К портретам русских мыслителей - Ирина Бенционовна Роднянская
Шрифт:
Интервал:
Закладка:
Как известно, ведущие участники «Вех» – бывшие марксисты. И в их воззрении на творящуюся перед глазами историю новою вехой был как раз радикальный отрыв от исторического материализма, на обдумывание которого они еще недавно потратили немало умственных сил. «Революция есть духовное детище интеллигенции»[554], – утверждает Булгаков, и этот тезис с ним фактически разделяют и Н.А. Бердяев, и П.Б. Струве, и С.Л. Франк. В «Вехах» достаточно тревожного внимания уделено участию в революции «низов», становых классов общественной пирамиды, и, если некоторые исполненные ужаса пассажи как бы предвещают тон бунинских «Окаянных дней», то не меньше тут скорби о соблазняемом народе и надежды на хоть какую-то сохранность его духовного здоровья. Однако же, для авторов «Вех» революция есть прежде всего феномен идейного порядка, вышедший наружу мировоззренческий переворот, социальная реализация борьбы духов. Поэтому движущую силу революции они видят не в наиболее многочисленных, а в наиболее идееносных ее деятелях. Булгаков замечает, что «революция <…> оказалась как бы духовным зеркалом для всей России, и особенно для ее интеллигенции» (с. 34) – формула как будто нарочно обратная ленинской, вскоре прозвучавшей в связи с кончиной Льва Толстого: исторические события суть зеркало деяний духовных, а не (по Ленину) творения духа – зеркало материально-исторических, классовых сил.

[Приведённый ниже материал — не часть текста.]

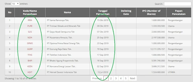 Setiap saham yang baru listing di pasar saham, situs IDX akan meng-updatenya dengan data2 emiten terbaru. Termasuk kode saham dan nama perusahaan serta tanggal pencatatannya. Dan anda bisa mencari saham2 IPO ini mulai dari yang terbaru sampai 4 tahun kebelakang (di situs IDX).

И Бердяев, и Булгаков даже приписывают интеллигенции, словно единому и единодушному «ордену» (по позднейшему определению Г.П. Федотова), словно носительнице некой духовной воли, – свободу выбора между противоборствующими в истории «верами»: «… вина ее воли, она сама избрала путь человекопоклонства…» (Бердяев – с. 30); «… отбор этот был свободным делом самой интеллигенции, за которое она постольку и ответственна перед родиной и историей» (Булгаков – с. 42). Такая «свобода воли», несомненная (коль стать на точку зрения наших философов) применительно к личности и, в крайнем случае, к нации, в которой подчас видят единый организм с общим духом, – весьма проблематична, когда речь идет об общественной группе: овладеет ли она, может ли овладеть каким-то подобием избирающей свой путь «души»? Впрочем, быть может, здесь имеет место прозрение в тогдашней интеллигенции первообраза «партии нового типа», с которой, как со своего рода «поместной Церкви» навыворот (ср. Откр., гл. 2), возможен интегральный исторический спрос. Главное же, отношение к интеллигенции как к монолитному мыслящему телу диктовалось самой задачей сборника – здесь призыв, а не только анализ.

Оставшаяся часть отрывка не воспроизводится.